CAC Screening Cost-effective for Statin Decisions in Hereditary CAD

The test isn’t widely reimbursed, but cost analysis suggests it is “economically prudent,” say researchers.

CAC Screening Cost-effective for Statin Decisions in Hereditary CAD

Among patients with a family history of coronary artery disease, the systematic use of coronary artery calcium (CAC) screening to guide treatment is more cost-effective than using the current pooled cohort equation thresholds for initiating statin therapy, according to a new analysis.

Specifically, when compared with treating patients who have an early family history of disease and a 10-year risk of atherosclerotic cardiovascular disease (ASCVD) ≥ 7.5%, using CAC as a decision aid for statin treatment in those with subclinical disease was $145 more expensive upfront but translated into an incremental cost-effectiveness ratio (ICER) of $15,014 per quality-adjusted life-year (QALY) gained. Use of CAC even remained cost-effective when the benefits of statin therapy were adjusted downward to reflect real-world use instead of the benefits reported in clinical trials.

The researchers, led by Prasanna Venkataraman, MBBS (Monash University/Baker Heart and Diabetes Research Institute, Melbourne, Australia), say the study suggests that improving access to CAC screening, which may require support from payers, “is both clinically justified and economically prudent.”

The paper was published January 13, 2021, in JACC: Cardiovascular Imaging.

Fatima Rodriguez, MD (Stanford University School of Medicine, CA), who wasn’t involved in the study, said that if a patient has a family history of “early and aggressive” ASCVD but their estimated risk of disease is low according to the American College of Cardiology/American Heart Association (ACC/AHA) pooled cohort equations, she will request a CAC scan to help with the treatment decision, using the information alongside other risk markers, such as lipoprotein(a). If the CAC scan will not change treatment, such as in a patient with diabetes who should already be on a statin anyway, she won’t bother with the test. CAC can also be a tool to help identify high-risk patients who might benefit from primary prevention with aspirin, she added.

“However, the cost is not covered by most insurance companies, so patients must pay an out-of-pocket,” she told TCTMD via email. “This study adds to the growing literature that suggests that risk assessment with CAC is cost-effective and should be covered by insurance companies, particularly in patients where treatment decisions are uncertain.”
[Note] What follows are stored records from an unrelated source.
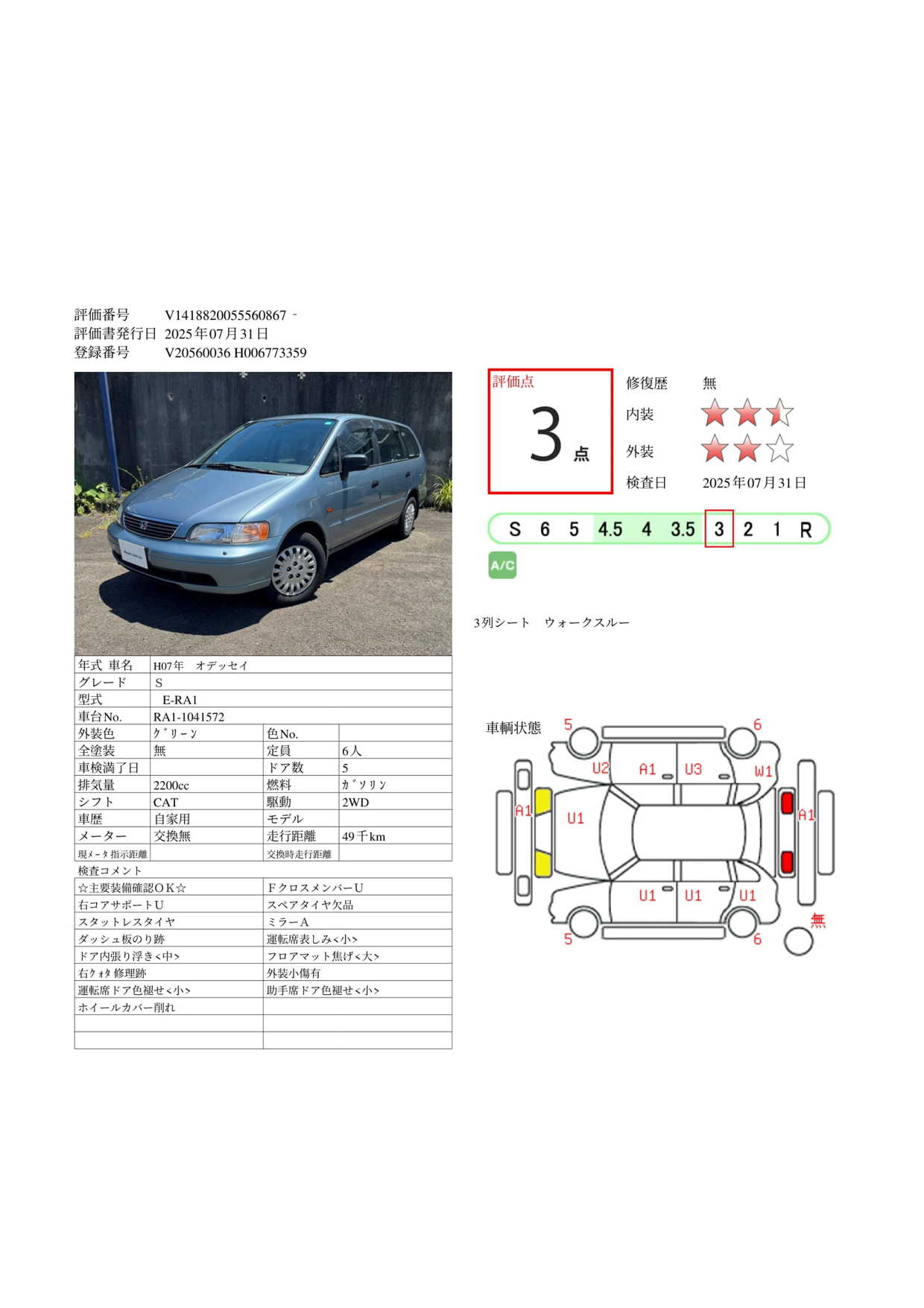 現状車検切れの状態ですが、ご成約時に新しく車検を実施します。車検費用は車両価格に含まれています。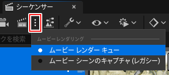 プラグインが有効だと、カチンコマーク右の点からレンダリングの設定を切り替えることが出来ます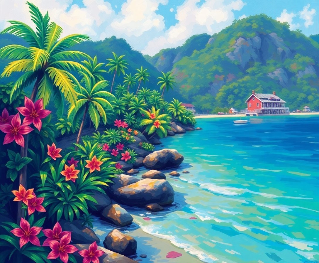 Ultimately, step back and admire your completed vintage-inspired masterpiece. Furthermore, the verdant tropical scene transforms any room into an artistic sanctuary. Your painted bay captures Impressionist techniques beautifully.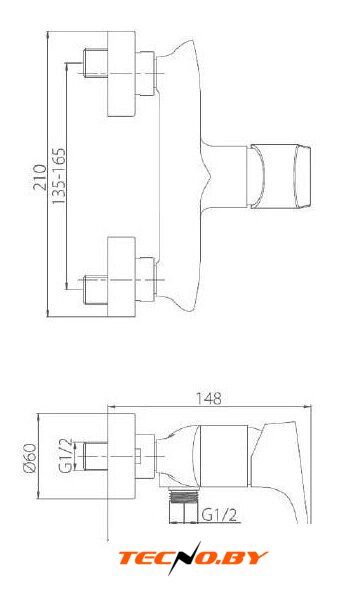 однорычажный смеситель для ванны и душа, монтаж на стену

Similarly, Howard Weintraub, MD (NYU Grossman School of Medicine, New York, NY), said he frequently relies on family history, Lp(a), and CAC to guide treatment decisions in primary prevention, noting that CAC can be a good motivating visual for “statin-reluctant” patients. “Remember, CAC is usually not covered [by payers] so we have to convince the patient to pay $100 to $150, which is usually not a major problem but sometimes a real issue,” he said.

CAC as a Risk Enhancer

Both the primary prevention and cholesterol guidelines from the ACC/AHA recommend pooled cohort equations as the main tool to assess ASCVD risk, although the equations are known to have flaws when used in certain patient populations. The latest iteration of the guidelines introduced CAC scoring to help refine primary prevention risk assessment, particularly for those with a borderline or intermediate risk of CVD. The absence of calcium—the so-called “power of zero”—has been shown in several studies to identify patients at a very low risk of ASCVD.

There are also times when a statin is clearly indicated but patients are reluctant to start a long-term medication. In these cases, CAC is extremely helpful in guiding shared decision-making and promoting adherence. Fatima Rodriguez

The new cost-effective analysis is a microsimulation model based on 1,083 participants in CAUGHT-CAD, a study that used CAC to guide treatment in hereditary CAD. All participants in the study had a family history of premature CAD, were 40 to 70 years old, and had at least a 10-year risk of ASCVD ≥ 2.0% based on the ACC/AHA pooled cohort equations. The protocol assumed two treatment approaches: statin therapy in all patients with a 10-year risk of ASCVD ≥ 7.5% or treatment only in patients with a CAC score greater than zero. The model assumed patients were treated with atorvastatin 40 mg. In CAUGHT-CAD, 45.8% of patients had a positive CAC score and 24.6% had a predicted 10-year risk ≥ 7.5%.

Systematic CAC screening averted 476 more deaths and 1,314 symptomatic CVD events compared with the conventional ACC/AHA pooled cohort equation strategy and increased the per-patient QALYs by 0.0097. The average 15-year cost of the CAC approach was $6,059 versus $5,914 with the pooled cohort equations, while the number needed to scan to prevent one CVD event was 152. Systematic use of CAC screening “dominated” the pooled cohort equation approach when used in men and those older than 60 years. For men younger than 50 years and for women, the ICER was $358,656/QALY and $66,054/QALY, respectively.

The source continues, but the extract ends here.